RESPONSE to xiaocanna notifications@github.com
There are chromosomes with one or two SNPs only, or a few. If you run say the first 10 chromosomes, it works, though the results are Ne of millions.
maxNCHROM=10 ### Maximum number of chromosomes to be analysed (-99 = all chromosomes)
Armando.
I am trying to run GONE with 10k and 100k SNPs for a non-human dataset, but seem to be getting the following error.

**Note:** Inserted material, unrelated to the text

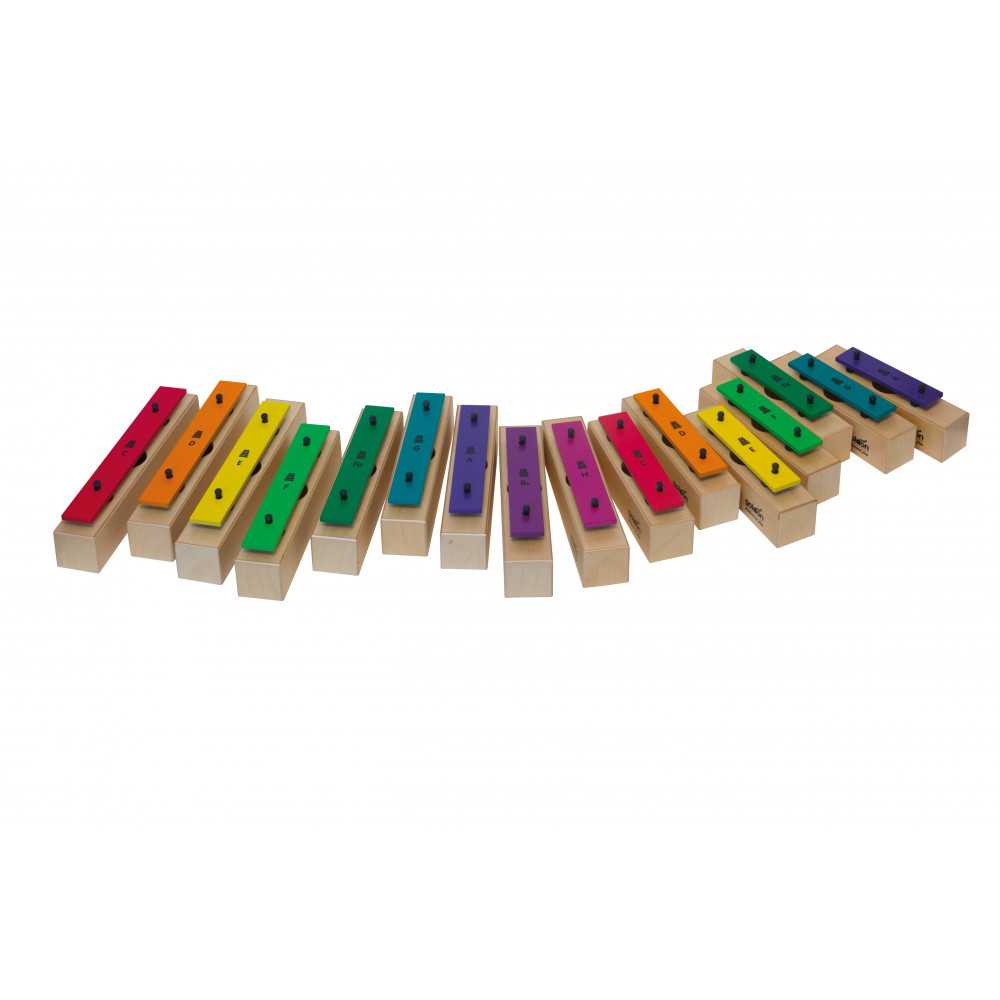 Jednotlivé kameny (chime bar) v barevném provedení Boomwhackers (každý kámen svoji specifickou barvu), jednotlivé tóny na výběr c2 - a3 na dřevěném korpusu. Bez paličky. Vyrobeno v Německu.
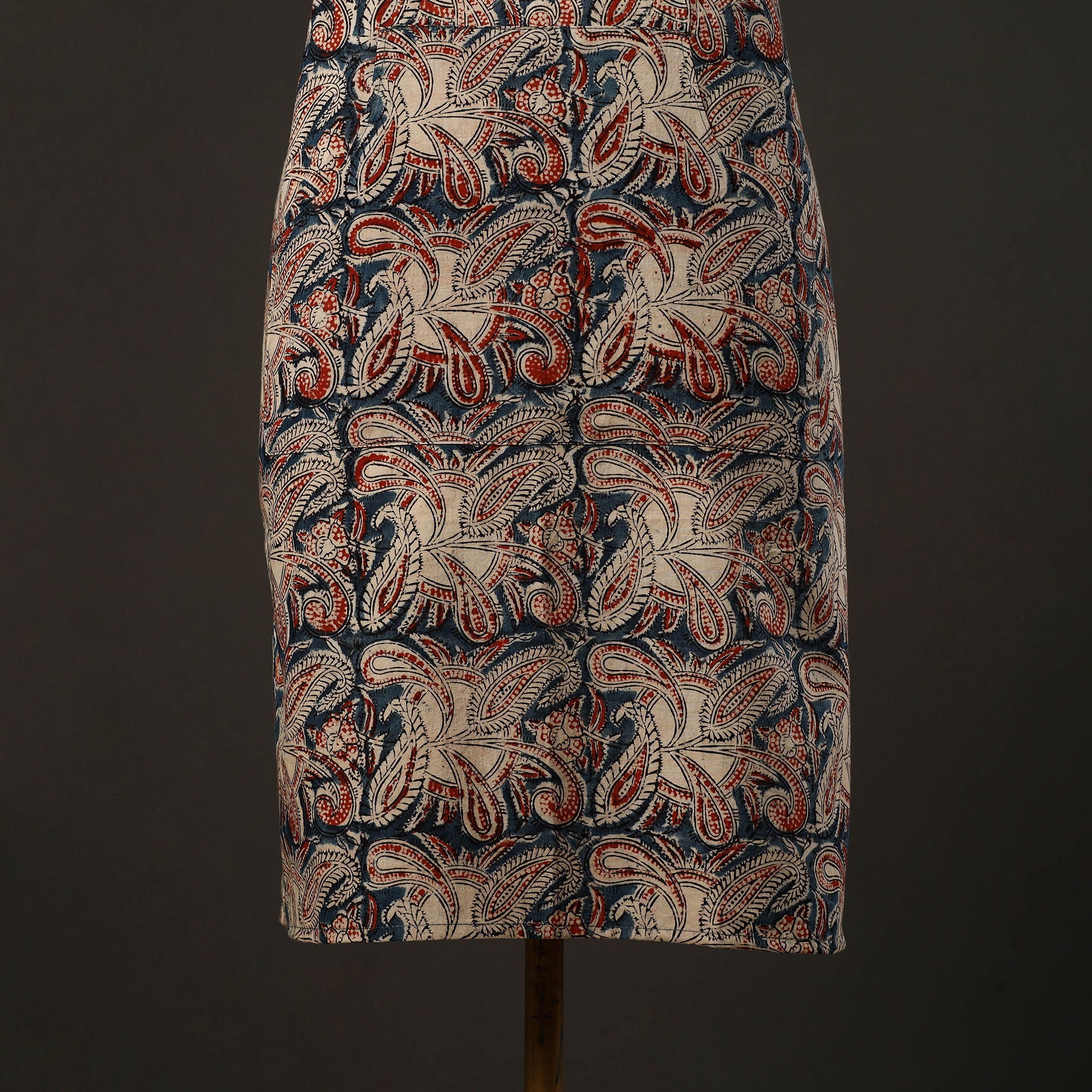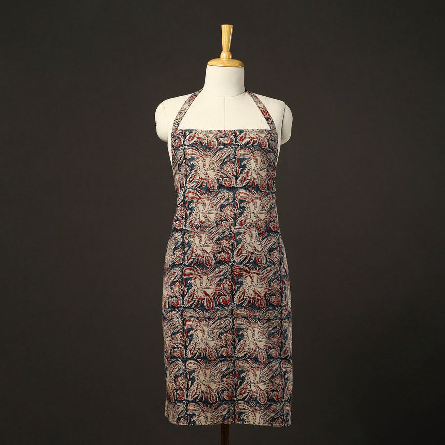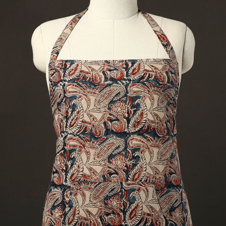 This blue kalamkari print cotton apron with pocket, crafted with traditional kalamkari block printing, combines cultural artistry with everyday functionality. Adorned with kalamkari prints, it features a convenient front pocket and adjustable straps for a comfortable fit. Perfect for cooking, baking, or grilling, this apron adds style and convenience to your kitchen essentials.

The example dataset works fine. The only difference I can find is that the example dataset has chromosome numbers with just 1 number in the map file:
While my map file has chromosome numbers in a longer string. Is this potentially a problem? Would it be possible to accommodate more values in the chromosome column?
If anyone is able to suggest how I can rename the chromosome numbers without the whole string, I would be very thankful!
Much appreciated!
Edit: I used awk to change the chromosome names to just numbers within 200, and it now does not have the error that the chromosome can't be read. Although I am met with a new error, while running it on 10k SNPs and just 25 chromosomes that the outfiles can't be read.